ASSIGNED TASK
Give back the listing in full and exactly, leaving out the images.

DATA SEGMENT

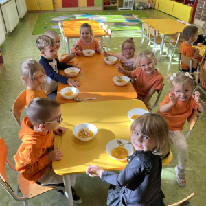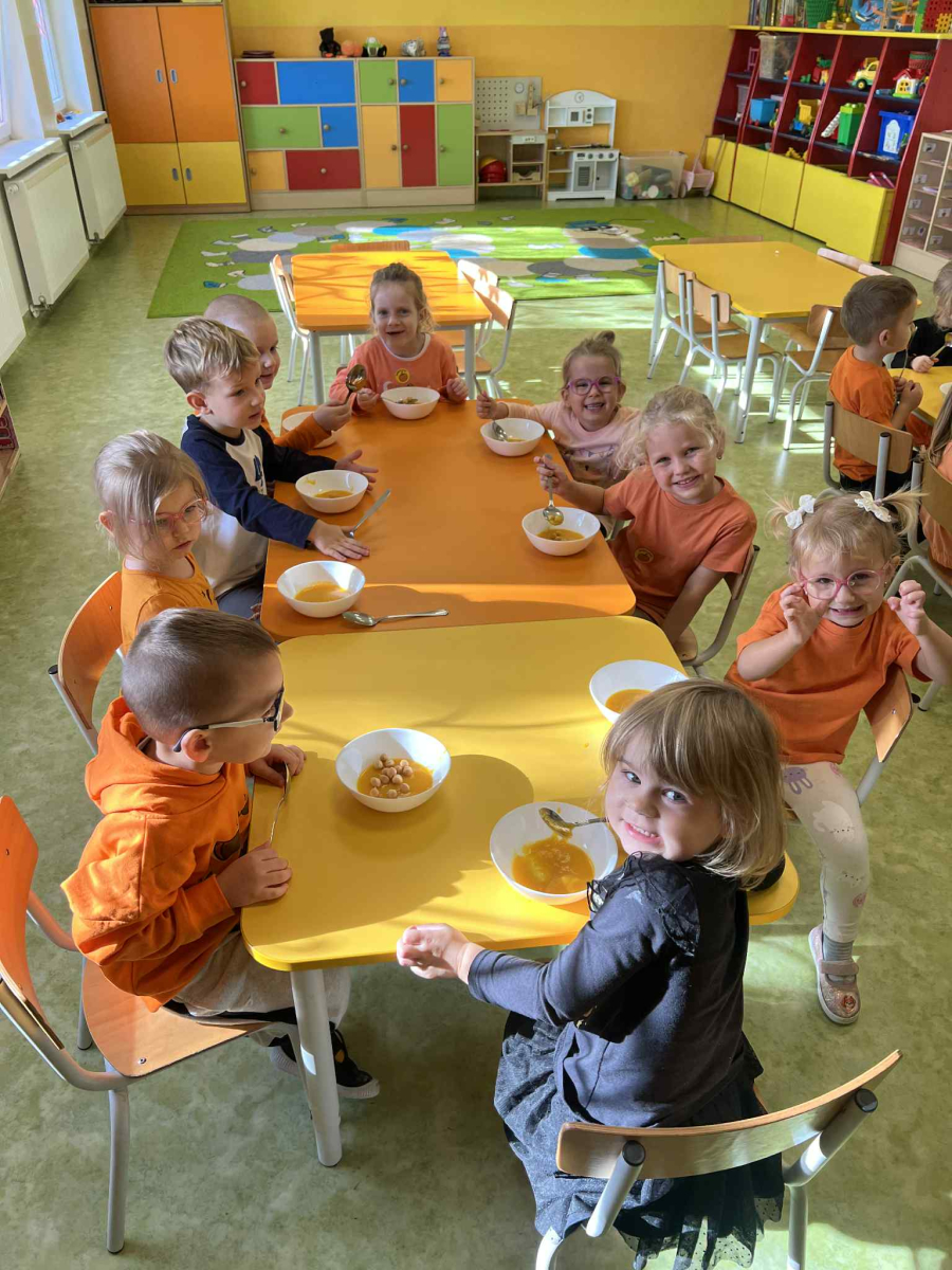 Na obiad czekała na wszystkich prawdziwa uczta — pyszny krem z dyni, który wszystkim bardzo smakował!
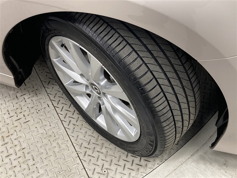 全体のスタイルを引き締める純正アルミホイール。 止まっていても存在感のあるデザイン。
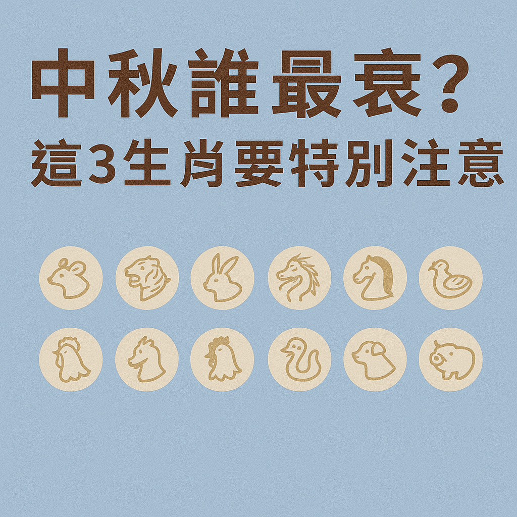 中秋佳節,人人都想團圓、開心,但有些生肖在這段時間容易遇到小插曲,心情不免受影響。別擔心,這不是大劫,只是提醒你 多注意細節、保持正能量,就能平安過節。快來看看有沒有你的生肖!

WRITTEN SOLUTION
 Na obiad czekała na wszystkich prawdziwa uczta — pyszny krem z dyni, który wszystkim bardzo smakował!
 全体のスタイルを引き締める純正アルミホイール。 止まっていても存在感のあるデザイン。
 中秋佳節,人人都想團圓、開心,但有些生肖在這段時間容易遇到小插曲,心情不免受影響。別擔心,這不是大劫,只是提醒你 多注意細節、保持正能量,就能平安過節。快來看看有沒有你的生肖!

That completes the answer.